**How to complete this task**
Retype word for word the stretch of entries below from the line that has "<B>Fr. 1005 $20" through the line that has "왔나봄’이벤트 진행 |", and omit the pictures.

**Record set**
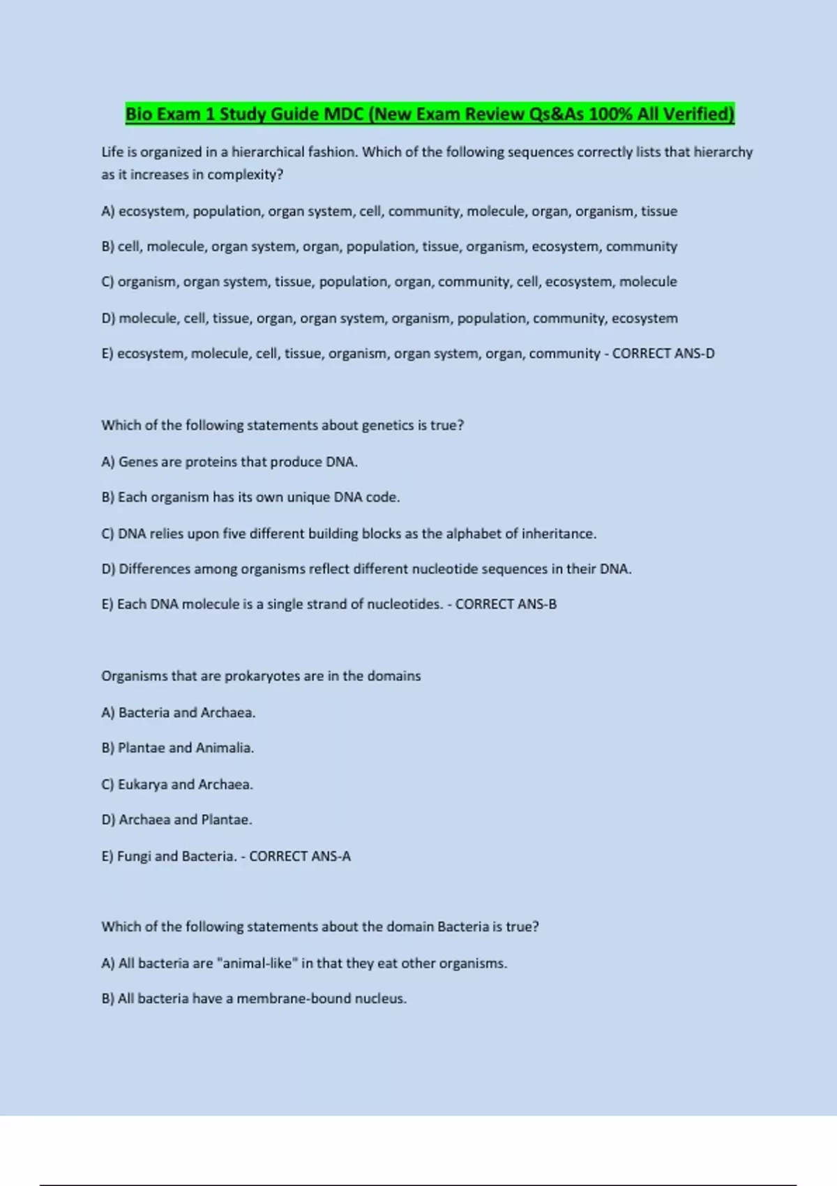 Life is organized in a hierarchical fashion. Which of the following sequences correctly lists that hierarchy as it increases in complexity? A) ecosystem, population, organ system, cell, community, molecule, organ, organism, tissue B) cell, molecule, organ system, organ, population, tissue, organism, ecosystem, community C) organism, organ system, tissue, population, organ, community, cell, ecosystem, molecule D) molecule, cell, tissue, organ, organ system, organism, population, community, ecosystem E) ecosystem, molecule, cell, tissue, organism, organ system, organ, community - CORRECT ANS-D Which of the following statements about genetics is true? A) Genes are proteins that produce DNA. B) Each organism has its own unique DNA code. C) DNA relies upon five different building blocks as the alphabet of inheritance. D) Differences among organisms reflect different nucleotide sequences in their DNA. E) Each DNA molecule is a single strand of nucleotides. - CORRECT ANS-B Organisms that are prokaryotes are in the domains A) Bacteria and Archaea. B) Plantae and Animalia. C) Eukarya and Archaea. D) Archaea and Plantae. E) Fungi and Bacteria. - CORRECT ANS-A Which of the following statements about the domain Bacteria is true? A) All bacteria are "animal-like" in that they eat other organisms. B) All bacteria have a membrane-bound nucleus. C) All bacteria are multicellular organisms. D) All bacteria lack a nucleus. E) All bacteria are "animal-like" in that they eat other organisms, and all bacteria - CORRECT ANS-D Which of the following is a kingdom within the domain Eukarya? A) Viruses B) Monera C) Fungi D) Archaea E) Bacteria - CORRECT ANS-C All organisms belonging to the kingdom Plantae A) are photosynthetic. B) contain cells that are surrounded by cell walls with cellulose. C) are unicellular and lack a nucleus. D) lack a nucleus. E) are photosynthetic and contain cells that are surrounded by cell walls with cellulose - CORRECT ANS-E Members of the kingdom Fungi A) include the mushrooms. B) include the yeasts. C) decompose the remains of dead organisms and absorb nutrients from the leftovers. D) include the mushrooms and yeasts, and decompose the remains of dead organisms and absorb nutrients from the leftovers. E) use photosynthesis to produce their own food. - CORRECT ANS-D Which of the following statements is not consistent with Darwin's theory of natural selection? A) Individuals in a population exhibit variations, some of which are heritable. B) Individual organisms exhibit genetic change during their life spans to better fit their environment. C) Factors in the environment result in some organisms with better reproductive success than others. D) Natural selection is based in part on the overproduction of offspring. E) Natural selection can lead to the appearance of new species. - CORRECT ANS-D Which of the following statements about evolution is true? A) Individuals evolve within the span of their own lifetimes. B) Organisms evolve structures in response to needs. C) Evolution is deliberate and purposeful. D) Evolution is a passive process. E) Evolution is directional. - CORRECT ANS-D A hypothesis is A) the same as a theory. B) a tentative answer to some question. C) an explanatory idea that is broad in scope and supported by a large body of evidence. D) a widely accepted idea about a phenomenon. E) a widely accepted theory that is broad in scope and supported by a large body - CORRECT ANS-B A theory is A) an idea that has been proven. B) a concept in the early stages that still needs to be tested. C) a belief that has been accepted by all scientists as fact. D) a description of a belief that invokes the supernatural. E) an explanation of an idea that is broad in scope with multiple lines of evidence - CORRECT ANS-E To be scientifically valid, a hypothesis must be A) phrased as a question. B) based on faith. C) controlled. D) reasonable. E) testable and falsifiable. - CORRECT ANS-E The four most common elements in living organisms are A) C, H, O, Fe. B) C, H, O, Na. C) C, H, O, N. D) C, N, O, Na. E) Fe, N, O, Ca. - CORRECT ANS-C Which of the following is a trace element in the human body? A) carbon B) nitrogen C) zinc D) oxygen E) hydrogen - CORRECT ANS-C Which of the following trace elements is commonly added to table salt to prevent the formation of goiters? A) iodine B) iron C) calcium D) magnesium E) fluoride - CORRECT ANS-A Which of the following statements best describes a compound? A) A compound is a pure element. B) A compound is less common than a pure element. C) A compound contains two or more different elements in a fixed ratio. D) A compound is exemplified by sodium. E) A compound is a solution. - CORRECT ANS-C Which of the following particles is found in the nucleus of an atom? A) protons and neutrons B) protons and electrons C) only neutrons D) only protons E) only electrons - CORRECT ANS-A Which of the following best describes the atomic number of an atom? A) the number of protons in the atom B) the number of electrons in the atom C) the number of neutrons in the atom D) the number of protons, electrons, and neutrons in the atom E) the net electrical charge of the atom - CORRECT ANS-A A radioactive isotope is an isotope that A) is stable. B) decays. C) has more protons than the common variant of the element. D) has more electrons than the common variant of the element. E) has the same atomic mass, but a different atomic number than the common variant of the element. - CORRECT ANS-B If you found a fossilized dinosaur bone, what method could be used to determine the age of the fossil? A) electrophoresis B) DNA fingerprinting C) isotope analysis D) radial immunodiffusion E) high-pressure liquid chromatography - CORRECT ANS-C Radioactive isotopes A) are frequently added to foods as nutritional supplements. B) can be used in conjunction with PET scans to diagnose diseases. C) have no effect on living tissue. D) do not occur naturally. E) are never incorporated into organic com
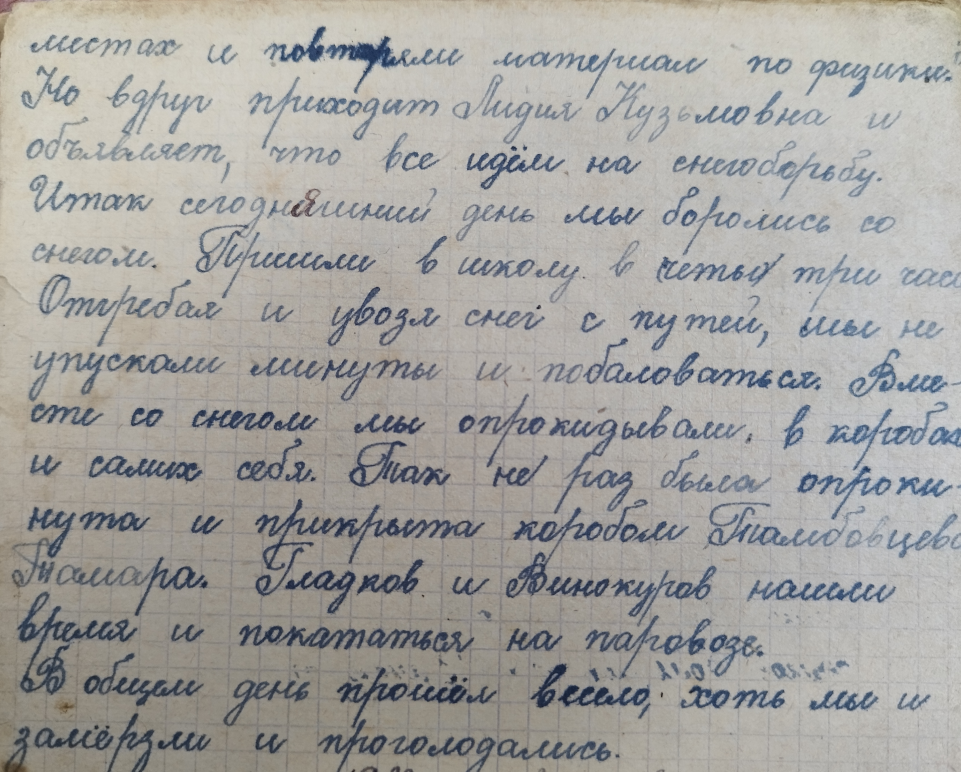 Судя по дневниковой записи от 24 декабря 1944 года, вследствие работы школьников в будни на снегоборьбе. уроки ребят переносились на выходные дни: «…сегодня, несмотря на то, что выходной день, мы занимались, так как в один из учебных дней мы ходили на воскресник, т.е. на снегоборьбу…».
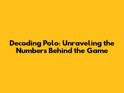 Decoding Polo: Unraveling The Numbers Behind The Game
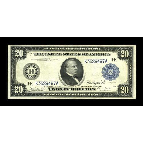 <B>Fr. 1005 $20 1914 Federal Reserve Note Very Fine.</B></I> This Dallas Burke-Glass $20 is an extremely rare note in all grades, as the census shows just seven examples reported to date and that does not include this note. With the demand for better Friedberg numbers continuing unabated, expect to see some strong bidding on this lot.<BR><BR><b>Shipping:</b> Coins & Currency (<a target="_blank" href="http://www.heritageauctions.com/common/shipping.php">view shipping information</a>)
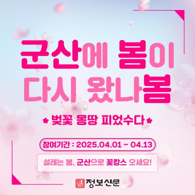 ![]() 군산시, 벚꽃사진 인증샷 ‘군산에 봄이 다시 왔나봄’이벤트 진행 |
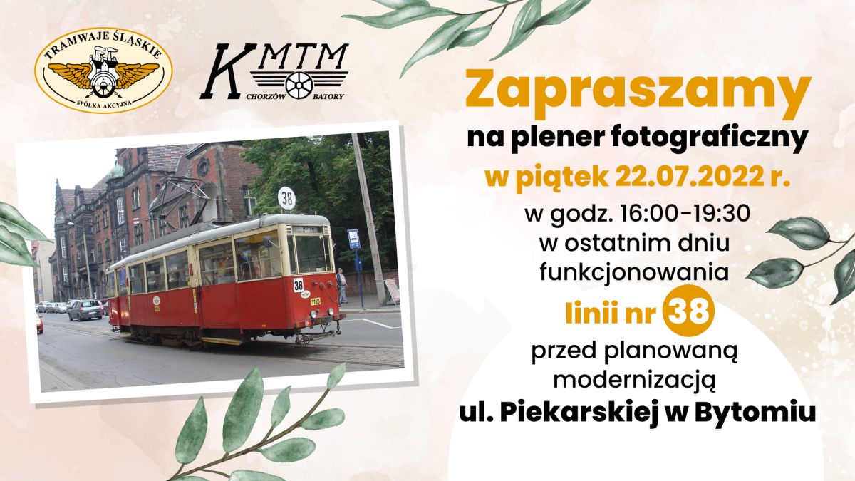 W piątek 22.07.2022 r. linia nr 38 w swoim dotychczasowym kształcie będzie kursować po raz ostatni. – Dla wielu mieszkańców, miłośników i sympatyków to wydarzenie o historycznym znaczeniu. Tego ostatniego dnia, w ostatnich godzinach kursowania linii nr 38 zapraszamy wszystkich na plener fotograficzny, by zdążyć uwiecznić najkrótszą w Europie linię tramwajowym, nim zostanie przebudowana i wydłużona. Historycznym wagonom typu N nie powiemy jednak „żegnajcie”, lecz „do zobaczenia” – mówi Andrzej Zowada, rzecznik spółki Tramwaje Śląskie S.A. i dodaje: – Fotografować i rejestrować nagrania na ulicy Piekarskiej będzie można oczywiście przez cały dzień, ale od 16:00 do 19:30 motorniczy będzie uśmiechał się wyjątkowo pięknie a wagon będzie cierpliwie pozować do zdjęć.
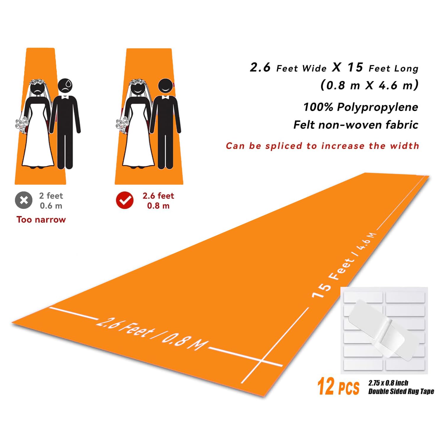 Spacious 2.6ft x 15ft Size for Gatherings: Designed with a practical 2.6ft (0.8m) width (vs. standard 2ft), this party carpet runner comfortably fits two adults walking side by side. At 15ft (4.57m) long, it blends seamlessly into your event site, accenting spaces without feeling too narrow—perfect for group photos, shared entrances, or festive processions

**Solution for this exercise**
 <B>Fr. 1005 $20 1914 Federal Reserve Note Very Fine.</B></I> This Dallas Burke-Glass $20 is an extremely rare note in all grades, as the census shows just seven examples reported to date and that does not include this note. With the demand for better Friedberg numbers continuing unabated, expect to see some strong bidding on this lot.<BR><BR><b>Shipping:</b> Coins & Currency (<a target="_blank" href="http://www.heritageauctions.com/common/shipping.php">view shipping information</a>)
 ![]() 군산시, 벚꽃사진 인증샷 ‘군산에 봄이 다시 왔나봄’이벤트 진행 |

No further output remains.